Maintain Kubernetes Nodes That Hold the TiDB Cluster
TiDB is a highly available database that can run smoothly when some of the database nodes go offline. Therefore, you can safely shut down and maintain the Kubernetes nodes that host TiDB clusters.
This document describes how to perform maintenance operations on Kubernetes nodes based on maintenance duration and storage type.
Prerequisites
- Install
kubectl.
Maintain a node
Step 1: Preparation
Use the
kubectl cordoncommand to mark the node to be maintained as unschedulable to prevent new Pods from being scheduled to this node:kubectl cordon ${node_name}Check whether any TiDB cluster component Pods are running on the node to be maintained:
kubectl get pod --all-namespaces -o wide -l pingcap.com/managed-by=tidb-operator | grep ${node_name}- If the node has TiDB cluster component Pods, follow the subsequent steps in this document to migrate these Pods.
- If the node does not have any TiDB cluster component Pods, there is no need to migrate Pods, and you can proceed directly with node maintenance.
Step 2: Migrate TiDB cluster component Pods
Based on the storage type of the Kubernetes node, choose the corresponding Pod migration strategy:
- Automatically migratable storage: use Method 1: Reschedule Pods.
- Non-automatically migratable storage: use Method 2: Recreate instances.
Method 1: Reschedule Pods (for automatically migratable storage)
If you use storage that supports automatic migration (such as Amazon EBS), you can reschedule component Pods by following Perform a graceful restart of a single Pod in a component. The following instructions take rescheduling PD Pods as an example:
Check the PD Pod on the node to be maintained:
kubectl get pod --all-namespaces -o wide -l pingcap.com/component=pd | grep ${node_name}Get the instance name of the PD Pod:
kubectl get pod -n ${namespace} ${pod_name} -o jsonpath='{.metadata.labels.pingcap\.com/instance}'Add a new label to the PD instance to trigger rescheduling:
kubectl label pd -n ${namespace} ${pd_instance_name} pingcap.com/restartedAt=2025-06-30T12:00Confirm that the PD Pod is successfully scheduled to another node:
watch kubectl -n ${namespace} get pod -o wideFollow the same steps to migrate Pods of other components such as TiKV and TiDB until all TiDB cluster component Pods on the node are migrated.
Method 2: Recreate instances (for local storage)
If the node uses storage that cannot be automatically migrated (such as local storage), you need to recreate instances.
The following instructions take recreating a TiKV instance as an example:
Delete the CR of the TiKV instance. TiDB Operator automatically deletes the associated PVC and ConfigMap resources, and creates a new instance:
kubectl delete -n ${namespace} tikv ${tikv_instance_name}Wait for the status of the newly created TiKV instance to become
Ready:kubectl get -n ${namespace} tikv ${tikv_instance_name}After you confirm that the TiDB cluster status is normal and data synchronization is completed, continue to maintain other components.
Step 3: Confirm migration completion
After you complete Pod migration, only the Pods managed by DaemonSet (such as network plugins and monitoring agents) should be running on the node:
kubectl get pod --all-namespaces -o wide | grep ${node_name}
Step 4: Perform node maintenance
You can now safely perform maintenance operations on the node, such as restarting, updating the operating system, or performing hardware maintenance.

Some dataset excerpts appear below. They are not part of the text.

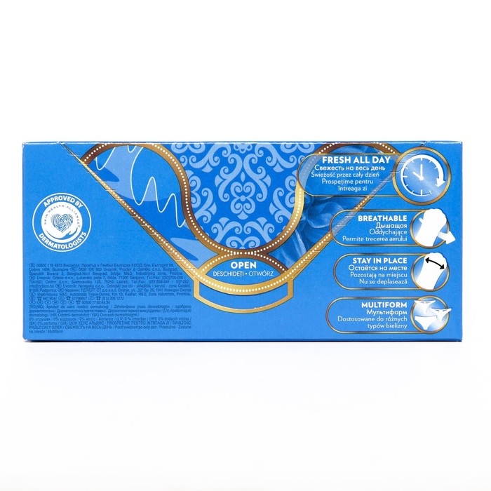 - Ежедневные экстрадышащие гигиенические прокладки, сохраняют свежесть до 12 часов.
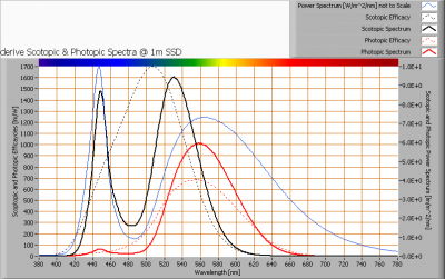 The power spectrum, sensitivity curves and resulting scotopic and photopic spectra (spectra energy content defined at 1 m distance).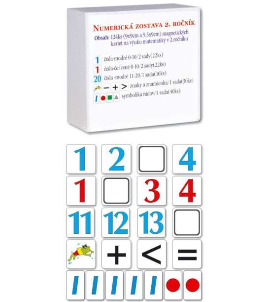 Učebná pomôcka na vyvodzovanie, každodenné precvičovanie a utvrdzovanie základného učiva matematiky v 2. ročníku. omôcka na opakovanie a vyvodzovanie základného učiva: - sčítanie a odčítanie v obore do 20 bez prechodu aj s prechodom cez základ 10 - určovanie daného počtu, počítanie po desať, po jednom - porovnávanie dvojciferných čísel znakmi - symbolika radovObsah: - čísla - modré 0 - 10 / 2 sady - čísla - červené 0 - 10 / 2 sada - čísla - modré 11 - 20 / 1 sada - znaky a znamienka / 1 sada - symbolika radov / 1 sada - bodková symbolika / 1 sada Spolu: 140ks magnetické karty / 9 x 9cm a 9 x 5,3cm / 2mm pevný kartón Dodávané v kartónovej krabici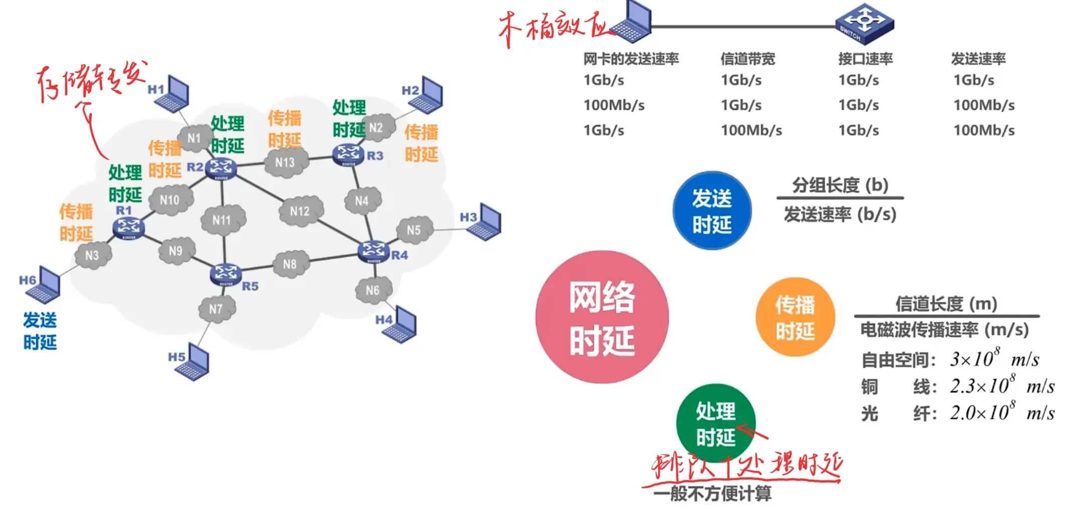 速率,带宽,吞吐量,时延,时延带宽积,往返时间,利用率,丢包率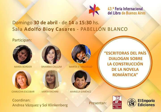 Ese mismo día, solo que a las 14 y en la Sala Bioy Casares del Pabellón Blanco, un grupo de autoras cordobesas y de otros puntos del país se referirán a la construcción de la novela romántica. La mesa estará integrada por Brianna Callum, Marta D’Argüello, Mirta Fachini, Camucha Escobar, Mariela Giménez y María Border.

Step 5: Recover after maintenance (for temporary maintenance only)
If you plan to perform long-term maintenance or permanently take the node offline, skip this step.
For temporary maintenance, perform the following recovery operations after the node maintenance is completed:
Check the node health status:
watch kubectl get node ${node_name}When the node status becomes
Ready, continue to the next step.Use the
kubectl uncordoncommand to remove the scheduling restriction on the node:kubectl uncordon ${node_name}Check whether all Pods are running normally:
kubectl get pod --all-namespaces -o wide | grep ${node_name}When all Pods are running normally, the maintenance operation is completed.